- The Washington Times - Wednesday, February 20, 2008

The housing business may be in crisis, but not the design and remodeling of home kitchens.

Could that be because Americans cling to their kitchen — historically “The Warmest Room in the House” as the title of a book by Washington writer Steven Gdula states?

These days, the room centered on the necessities of life is taking over the house — physically, at least, if not always emotionally.

“The kitchen in our residential projects has become the center of the house in the past seven or eight years,” reports Ali Honarkar of the District’s Division 1 Architects.
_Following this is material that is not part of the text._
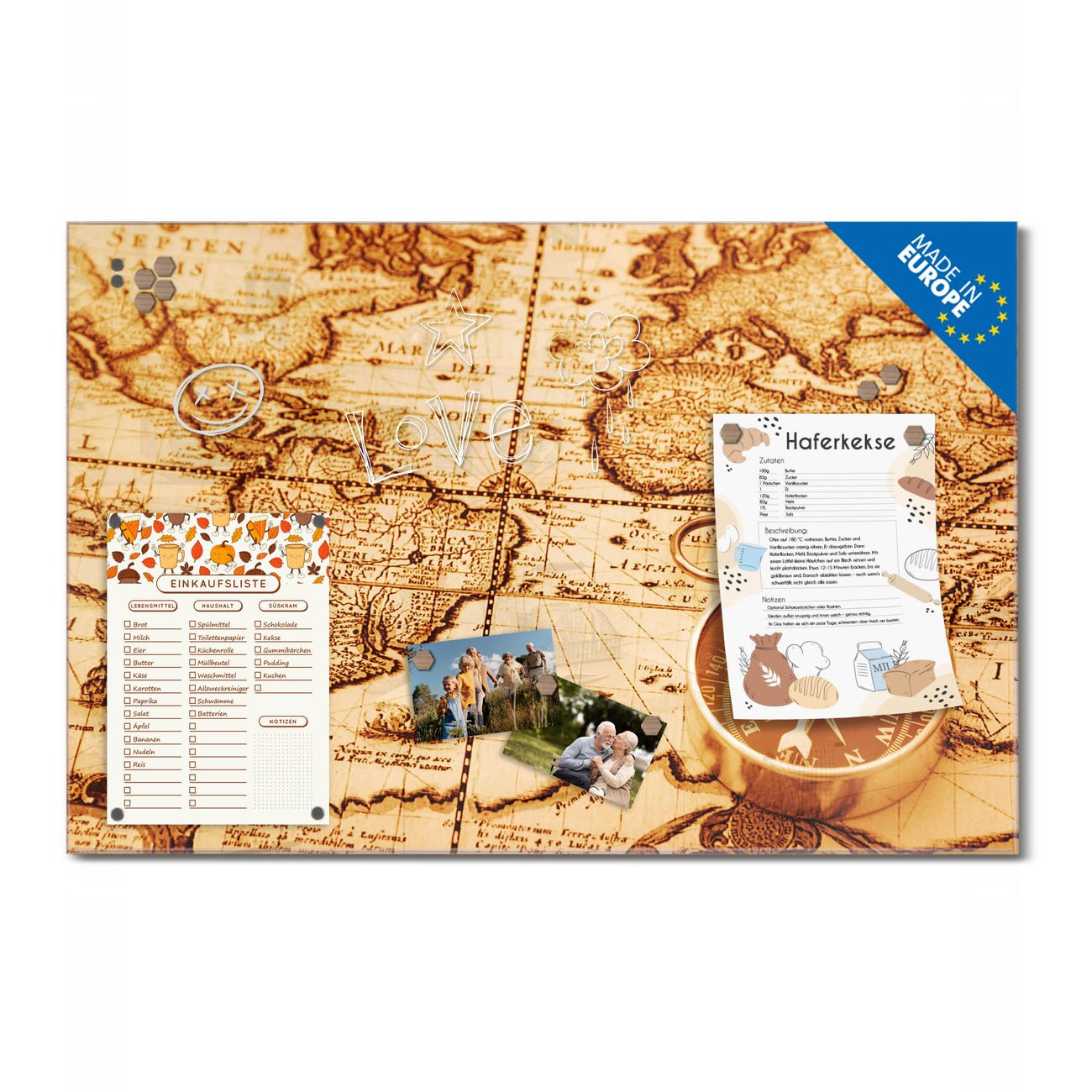 Ein Stück Design, das Ihren Alltag organisiert. Schreiben, heften, inspirieren - alles an einem Ort. Qualität, die man spürt. Montage leicht gemacht. Handwerk mit Herz - veredelt in Sachsen. Einzigartiges Design mit Motiv Motiv World Map Beschreibbare Glasoberfläche, leicht zu reinigen Starke Magnetkraft durch Stahlrückwand Inklusive 4 Neodym-Magneten Flexible Montageoptionen Handveredelt in Sachsen - Qualität, die bleibt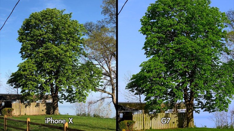 Oproti LG G7 ThinQ nabízí iPhone X pouze 12megapixelový fotoaparát, jehož širokoúhlý objektiv má clonu f/1.8 a teleobjektiv f/2.4. Zařízení LG G7 ThinQ dokáže zachytit širší záběry na šířku a neumí tak dokonalé portréty zblízka jako iPhone X. Sice aplikace fotoaparátu zahrnuje efekt ve stylu portrétního režimu, nicméně rozostření pozadí se provádí pouze softwarem, nikoliv technologií objektivu.

Contemporary design, he says, has been influenced, in part, by the open layout of food preparation areas in certain high-end restaurants, turning them both into places of entertainment.
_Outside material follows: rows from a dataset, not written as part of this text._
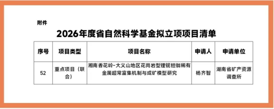 近日,湖南省科学技术厅公示2026年度省自然科学基金拟立项项目名单。由湖南省地质院矿调所牵头申报的“湘南香花岭-大义山地区花岗岩型锂铌钽铷稀有金属超常富集机制与成矿模型研究”项目成功通过立项,项目类型为重点项目(联合)。这是省矿调所首次作为牵头单位获得该类重点项目立项,实现了省自科基金重点项目零的突破。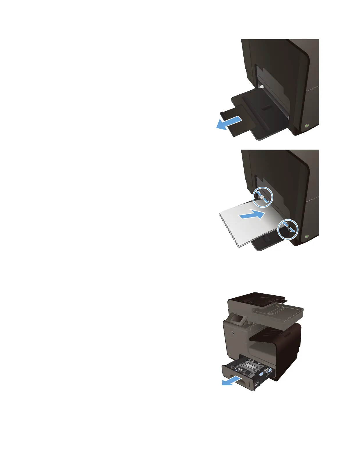 3. 용지 조정대를 완전히 확장한 후 용지 묶음을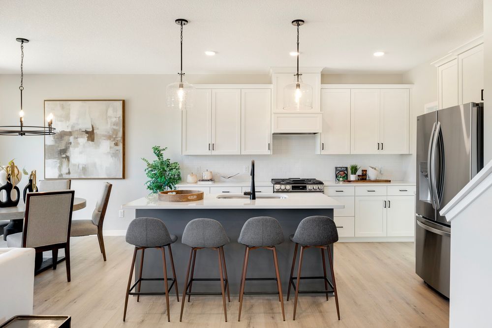 Chefs will enjoy the kitchen, which boasts striking white cabinetry, a contrasting dark-painted center island, and a practical walk-in morning kitchen pantry, complete with a window and custom built-ins. A main-floor bedroom and full bath offer ideal guest accommodations, and the private flex room is a perfect home office. A well-appointed mudroom with a built-in bench leads to the 2-car garage.

The custom in his parents’ house of having the kitchen door firmly closed so no one could see inside changed in the 1980s “when the island [style] came into play and walls came down and people would gather around the island.”

Next, the idea of a formal living room disappeared so that now there is one great room, he notes, which, in turn, is influencing the design and use of appliances.

“People are being cautious about their commitment [to remodel],” says Byron Buck, owner of National Capital Kitchens, but even in the current economic climate, he suggests, “If you improve the quality of a kitchen and don’t do it outrageously, you get every penny back.”

Well-thought-out design becomes doubly important in smaller spaces such as those in many older homes, he says.

Mr. Gdula lives in a modern high-ceilinged condo on P Street Northwest that has an open kitchen plan convenient for informal entertaining. Except for one or two details, such as a vertical-metal-slat-covered cupboard that reduces precious counter space, he finds this kitchen the best of the 40 he has known in the 44 years of his peripatetic culinary life that began in college with “two electric burners and a gallon-sized sink.” Appliances are all standard American brands that should help make repairs easier, he notes.

Island designs — he cooks on a gas range built into a pale green granite tabletop — have made the kitchen “a welcoming environment,” reminiscent in some ways of the room he remembers as a child born in a small town in southwestern Pennsylvania, the son of an Eastern European immigrant family. Both his parents cooked, and “dinnertime was family time. Period,” he says.

He feels sure the experience gave him “a strong interest in the convivial aspect of a kitchen,” whatever its size, and “motivation to see what are the elements that make a kitchen such an accessible place.”

Researching and then writing up what he discovered about the past 100 years of American kitchens took him five years. The project also includes a study of how food buying and eating habits evolved and ends with a summary look at the 21st century, pointing out the emergence of the so-called cyber kitchen of tomorrow.

Unlike many interior designers and architects whose livelihoods depend on change, Mr. Gdula finds troubling a tendency to embrace what he calls “a trophy kitchen — remodeling for its own sake” that often ends up not being used by its owners.

This goes against his personal aim in documenting 20th-century trends to see “how they all contributed to making the kitchen a place of discovery, a place for people to put their own mark as well as a place to honor the traditions of our culinary past.”

At the same time, he grew fascinated by high-tech offerings from manufacturers, such as countertops that use electronic sensors to measure ingredients and food portions and a Whirlpool oven called the Polara, which can both thaw and then roast.

The latter, he says, “has been the inspiration behind the projected kitchen of the future where the homeowner can simply dial in from their cell and activate any appliance.”

“Too much technology means too much can go wrong,” he warns.

Ironically, one key trend in contemporary kitchen design uses very complicated technology to make life simple, at least where appliances are concerned. Simultaneously, interior designers say, clients are attracted to the idea of covering up larger appliances, so they look less like a kitchen and more like a living room.

Learning that consumers want to reduce kitchen clutter, Whirlpool last fall initiated the centralpark connection with an electronics hub on the refrigerator door that provides power and support to removable devices like a digital photo frame. Coming next is an IPod speaker dock and recharger with a mute button so that the speaker shuts down when the phone rings.

“The fridge long has been used as a communication device [with photos affixed by magnets]. This takes it to a new level,” says brand director Mark Hamilton.

Cabinets are being done in high-end wood finishes, such as cherry, with sleeker looks. “I want to be creative with kitchens and cabinets,” says Mr. Honarkar, giving high marks to cabinet designs suspended from the ceiling.

“There are fridges with television sets. But clients are worried about who is going to repair them,” says Cindy McClure of Grossmueller’s Design Consultants Inc. in Northwest. “The smartest thing I’ve seen is having a computer on the fridge that keeps track of everything in the kitchen so you can tell when you need something.”

(LG Electronics produces a cable and DVD-ready HDTV 15-inch television on the right-hand door of a fridge, plus a weather and information center and database of recipes on the left.)

Stainless steel is losing favor, she notes, and materials are being upgraded.

“Everybody is going with granite or engineered stones for lower maintenance. People want a more built-in look and have cabinetry more furniture-like. The kitchen is utilitarian but decorative. More money is being spent on larger fridges and multiple ovens. But we still call it a kitchen.”